— Records for this task —
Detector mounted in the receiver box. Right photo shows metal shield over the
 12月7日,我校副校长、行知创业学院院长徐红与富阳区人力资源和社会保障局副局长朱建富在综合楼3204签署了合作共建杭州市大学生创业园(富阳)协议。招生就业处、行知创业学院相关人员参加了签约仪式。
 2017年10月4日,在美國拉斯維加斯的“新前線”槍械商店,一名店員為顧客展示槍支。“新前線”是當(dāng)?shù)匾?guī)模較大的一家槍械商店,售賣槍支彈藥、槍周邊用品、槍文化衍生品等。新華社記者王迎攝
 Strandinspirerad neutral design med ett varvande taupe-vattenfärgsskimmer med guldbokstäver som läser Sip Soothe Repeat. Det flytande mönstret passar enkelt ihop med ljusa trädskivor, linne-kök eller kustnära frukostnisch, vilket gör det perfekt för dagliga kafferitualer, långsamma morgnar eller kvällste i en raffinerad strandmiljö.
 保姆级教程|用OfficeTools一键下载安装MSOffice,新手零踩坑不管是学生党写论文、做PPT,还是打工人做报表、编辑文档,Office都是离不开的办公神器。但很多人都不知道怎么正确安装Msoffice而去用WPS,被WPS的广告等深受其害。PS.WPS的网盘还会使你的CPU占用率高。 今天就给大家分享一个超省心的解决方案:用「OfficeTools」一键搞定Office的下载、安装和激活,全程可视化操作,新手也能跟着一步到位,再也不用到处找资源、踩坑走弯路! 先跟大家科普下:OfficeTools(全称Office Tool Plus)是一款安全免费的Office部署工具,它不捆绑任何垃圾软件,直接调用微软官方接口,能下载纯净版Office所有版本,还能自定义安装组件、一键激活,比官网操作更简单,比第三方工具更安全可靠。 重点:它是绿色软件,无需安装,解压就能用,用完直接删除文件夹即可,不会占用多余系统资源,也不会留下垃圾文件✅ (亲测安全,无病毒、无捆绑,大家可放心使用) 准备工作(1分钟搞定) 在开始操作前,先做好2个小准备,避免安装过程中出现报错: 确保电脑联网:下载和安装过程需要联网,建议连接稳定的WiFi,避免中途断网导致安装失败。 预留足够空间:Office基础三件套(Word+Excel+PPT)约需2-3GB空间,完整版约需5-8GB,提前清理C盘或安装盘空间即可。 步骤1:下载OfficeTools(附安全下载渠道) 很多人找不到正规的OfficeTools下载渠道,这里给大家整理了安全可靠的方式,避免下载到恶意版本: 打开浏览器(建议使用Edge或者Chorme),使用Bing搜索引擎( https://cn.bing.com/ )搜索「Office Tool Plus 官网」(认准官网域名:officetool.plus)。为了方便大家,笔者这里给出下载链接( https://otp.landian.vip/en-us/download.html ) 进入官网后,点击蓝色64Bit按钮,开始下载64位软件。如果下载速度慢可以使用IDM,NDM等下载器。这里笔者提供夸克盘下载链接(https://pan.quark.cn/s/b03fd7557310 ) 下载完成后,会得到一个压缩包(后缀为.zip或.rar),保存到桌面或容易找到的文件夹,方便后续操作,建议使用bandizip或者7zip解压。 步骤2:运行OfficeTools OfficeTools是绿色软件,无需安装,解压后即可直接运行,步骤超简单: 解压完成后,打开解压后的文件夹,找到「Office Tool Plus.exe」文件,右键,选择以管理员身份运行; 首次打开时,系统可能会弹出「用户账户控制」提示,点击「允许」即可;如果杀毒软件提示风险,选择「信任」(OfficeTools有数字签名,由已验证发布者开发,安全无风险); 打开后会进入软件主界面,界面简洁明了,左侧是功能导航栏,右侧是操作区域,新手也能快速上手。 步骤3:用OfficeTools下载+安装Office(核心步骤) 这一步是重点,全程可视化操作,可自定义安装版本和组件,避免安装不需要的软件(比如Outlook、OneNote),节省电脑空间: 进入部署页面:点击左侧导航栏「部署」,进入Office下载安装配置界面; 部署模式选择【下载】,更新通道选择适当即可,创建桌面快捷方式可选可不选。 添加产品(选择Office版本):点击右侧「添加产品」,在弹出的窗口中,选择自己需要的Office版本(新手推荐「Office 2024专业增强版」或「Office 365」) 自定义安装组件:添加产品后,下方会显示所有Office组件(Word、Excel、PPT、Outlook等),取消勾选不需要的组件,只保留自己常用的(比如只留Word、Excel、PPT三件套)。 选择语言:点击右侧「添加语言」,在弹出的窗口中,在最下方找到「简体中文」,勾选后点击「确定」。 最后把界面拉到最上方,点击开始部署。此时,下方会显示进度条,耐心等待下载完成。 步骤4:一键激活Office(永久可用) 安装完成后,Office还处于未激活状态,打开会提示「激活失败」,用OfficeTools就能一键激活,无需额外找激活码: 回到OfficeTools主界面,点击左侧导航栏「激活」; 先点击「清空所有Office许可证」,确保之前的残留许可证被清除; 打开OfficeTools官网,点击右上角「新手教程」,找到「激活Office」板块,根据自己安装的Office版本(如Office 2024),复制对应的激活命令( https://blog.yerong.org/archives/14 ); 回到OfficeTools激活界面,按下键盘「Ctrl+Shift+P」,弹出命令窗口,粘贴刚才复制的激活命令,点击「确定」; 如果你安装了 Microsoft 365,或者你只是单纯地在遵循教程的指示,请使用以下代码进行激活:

— Problem statement —
Exactly as they appear above, set down all of the records once more.

— Result —
Detector mounted in the receiver box. Right photo shows metal shield over the
 12月7日,我校副校长、行知创业学院院长徐红与富阳区人力资源和社会保障局副局长朱建富在综合楼3204签署了合作共建杭州市大学生创业园(富阳)协议。招生就业处、行知创业学院相关人员参加了签约仪式。
 2017年10月4日,在美國拉斯維加斯的“新前線”槍械商店,一名店員為顧客展示槍支。“新前線”是當(dāng)?shù)匾?guī)模較大的一家槍械商店,售賣槍支彈藥、槍周邊用品、槍文化衍生品等。新華社記者王迎攝
 Strandinspirerad neutral design med ett varvande taupe-vattenfärgsskimmer med guldbokstäver som läser Sip Soothe Repeat. Det flytande mönstret passar enkelt ihop med ljusa trädskivor, linne-kök eller kustnära frukostnisch, vilket gör det perfekt för dagliga kafferitualer, långsamma morgnar eller kvällste i en raffinerad strandmiljö.
 保姆级教程|用OfficeTools一键下载安装MSOffice,新手零踩坑不管是学生党写论文、做PPT,还是打工人做报表、编辑文档,Office都是离不开的办公神器。但很多人都不知道怎么正确安装Msoffice而去用WPS,被WPS的广告等深受其害。PS.WPS的网盘还会使你的CPU占用率高。 今天就给大家分享一个超省心的解决方案:用「OfficeTools」一键搞定Office的下载、安装和激活,全程可视化操作,新手也能跟着一步到位,再也不用到处找资源、踩坑走弯路! 先跟大家科普下:OfficeTools(全称Office Tool Plus)是一款安全免费的Office部署工具,它不捆绑任何垃圾软件,直接调用微软官方接口,能下载纯净版Office所有版本,还能自定义安装组件、一键激活,比官网操作更简单,比第三方工具更安全可靠。 重点:它是绿色软件,无需安装,解压就能用,用完直接删除文件夹即可,不会占用多余系统资源,也不会留下垃圾文件✅ (亲测安全,无病毒、无捆绑,大家可放心使用) 准备工作(1分钟搞定) 在开始操作前,先做好2个小准备,避免安装过程中出现报错: 确保电脑联网:下载和安装过程需要联网,建议连接稳定的WiFi,避免中途断网导致安装失败。 预留足够空间:Office基础三件套(Word+Excel+PPT)约需2-3GB空间,完整版约需5-8GB,提前清理C盘或安装盘空间即可。 步骤1:下载OfficeTools(附安全下载渠道) 很多人找不到正规的OfficeTools下载渠道,这里给大家整理了安全可靠的方式,避免下载到恶意版本: 打开浏览器(建议使用Edge或者Chorme),使用Bing搜索引擎( https://cn.bing.com/ )搜索「Office Tool Plus 官网」(认准官网域名:officetool.plus)。为了方便大家,笔者这里给出下载链接( https://otp.landian.vip/en-us/download.html ) 进入官网后,点击蓝色64Bit按钮,开始下载64位软件。如果下载速度慢可以使用IDM,NDM等下载器。这里笔者提供夸克盘下载链接(https://pan.quark.cn/s/b03fd7557310 ) 下载完成后,会得到一个压缩包(后缀为.zip或.rar),保存到桌面或容易找到的文件夹,方便后续操作,建议使用bandizip或者7zip解压。 步骤2:运行OfficeTools OfficeTools是绿色软件,无需安装,解压后即可直接运行,步骤超简单: 解压完成后,打开解压后的文件夹,找到「Office Tool Plus.exe」文件,右键,选择以管理员身份运行; 首次打开时,系统可能会弹出「用户账户控制」提示,点击「允许」即可;如果杀毒软件提示风险,选择「信任」(OfficeTools有数字签名,由已验证发布者开发,安全无风险); 打开后会进入软件主界面,界面简洁明了,左侧是功能导航栏,右侧是操作区域,新手也能快速上手。 步骤3:用OfficeTools下载+安装Office(核心步骤) 这一步是重点,全程可视化操作,可自定义安装版本和组件,避免安装不需要的软件(比如Outlook、OneNote),节省电脑空间: 进入部署页面:点击左侧导航栏「部署」,进入Office下载安装配置界面; 部署模式选择【下载】,更新通道选择适当即可,创建桌面快捷方式可选可不选。 添加产品(选择Office版本):点击右侧「添加产品」,在弹出的窗口中,选择自己需要的Office版本(新手推荐「Office 2024专业增强版」或「Office 365」) 自定义安装组件:添加产品后,下方会显示所有Office组件(Word、Excel、PPT、Outlook等),取消勾选不需要的组件,只保留自己常用的(比如只留Word、Excel、PPT三件套)。 选择语言:点击右侧「添加语言」,在弹出的窗口中,在最下方找到「简体中文」,勾选后点击「确定」。 最后把界面拉到最上方,点击开始部署。此时,下方会显示进度条,耐心等待下载完成。 步骤4:一键激活Office(永久可用) 安装完成后,Office还处于未激活状态,打开会提示「激活失败」,用OfficeTools就能一键激活,无需额外找激活码: 回到OfficeTools主界面,点击左侧导航栏「激活」; 先点击「清空所有Office许可证」,确保之前的残留许可证被清除; 打开OfficeTools官网,点击右上角「新手教程」,找到「激活Office」板块,根据自己安装的Office版本(如Office 2024),复制对应的激活命令( https://blog.yerong.org/archives/14 ); 回到OfficeTools激活界面,按下键盘「Ctrl+Shift+P」,弹出命令窗口,粘贴刚才复制的激活命令,点击「确定」; 如果你安装了 Microsoft 365,或者你只是单纯地在遵循教程的指示,请使用以下代码进行激活:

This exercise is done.